O artista plástico violenta a realidade para melhor ou para pior; é um terrorista bem ou malsucedido.
A história das artes não registra os nomes de dois artistas geniais: o primeiro pintor e o primeiro escultor.
O artista não sabe que o mundo existe fora da arte; por isso atreve-se a criar.
A obra de arte é o resultado feliz de uma angústia contínua.
A arte vivifica a humanidade e aniquila o artista.
Há uma hora propícia ao arrependimento: a da morte, quando já não é possível nos arrependermos dele.

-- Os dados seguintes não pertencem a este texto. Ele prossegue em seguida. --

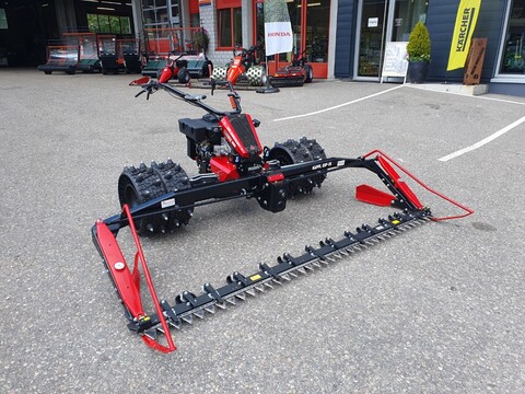 2 Zylinder-Motor 18PShydrostatischer Fahrantrieb, vorwärts-rückwärts mittels EasyDriveTurnaround-AktivlenkungÖlkühler mit UmkehrfunktionLED ScheinwerferGewichtsgrundplatte mit GewichtHöhenverstellbarer HolmenBreitspurachseX-Tweel Stachelwalzen (andere Bereifung auf Anfrage möglich)Doppelmessermähwerk 2.60m (anderes Mähsystem auf Anfrage möglich), Gewicht:215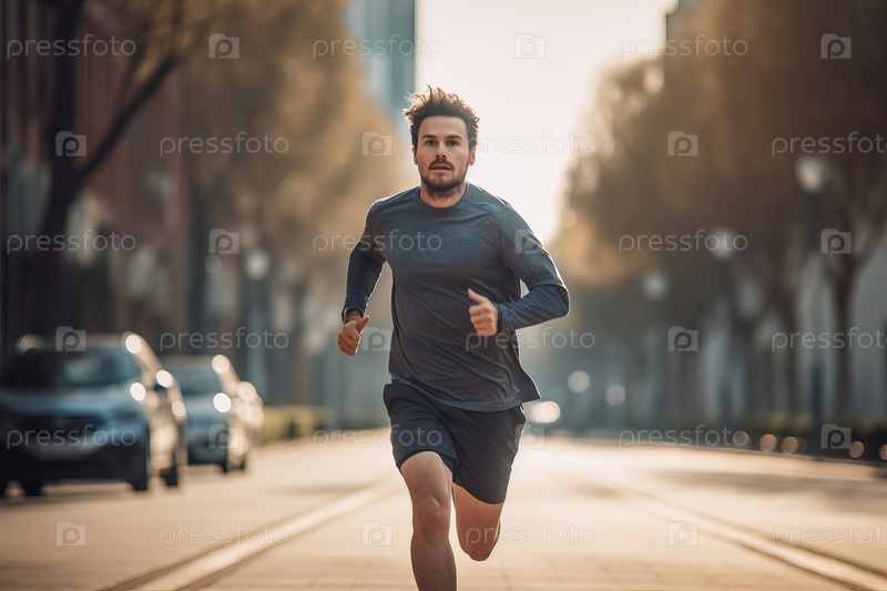 Энергичный взгляд на молодого человека, бегущего во время утренней пробежки снаружи, изображает жизнеспособность и преданность фитнес-программе

Até a cor do arrependimento desbota com o tempo.
O arquivo supre a falta de memória, lembrando o que desejávamos esquecer.
Os cavaleiros do Apocalipse, apenas quatro, não dão conta do serviço.
O anônimo tem possibilidades infinitas de ação – se os famosos o permitirem.
É mais fácil conceber um anjo sob aspecto de pessoa que se pareça com ele do que como anjo propriamente dito.
Censuramos no animal os nossos defeitos: brutalidade e ingratidão.
Não se inventou ainda a anedota triste, para ocasiões fúnebres.
A alfabetização é a primeira coluna da estrutura social; o analfabetismo pode ser a segunda.
Não amamos ainda bastante se não chegamos a esquecer até as qualidades do objeto amado.
Cartas de amor: imitação nem sempre feliz da linguagem real do amor.
Não é difícil ser amado por duas pessoas; difícil é amar as duas.
Os temperamentos ávidos de guerrear sofrem com a paz e distraem-se no amor.
O amor dinamita a ponte e manda o amante passar.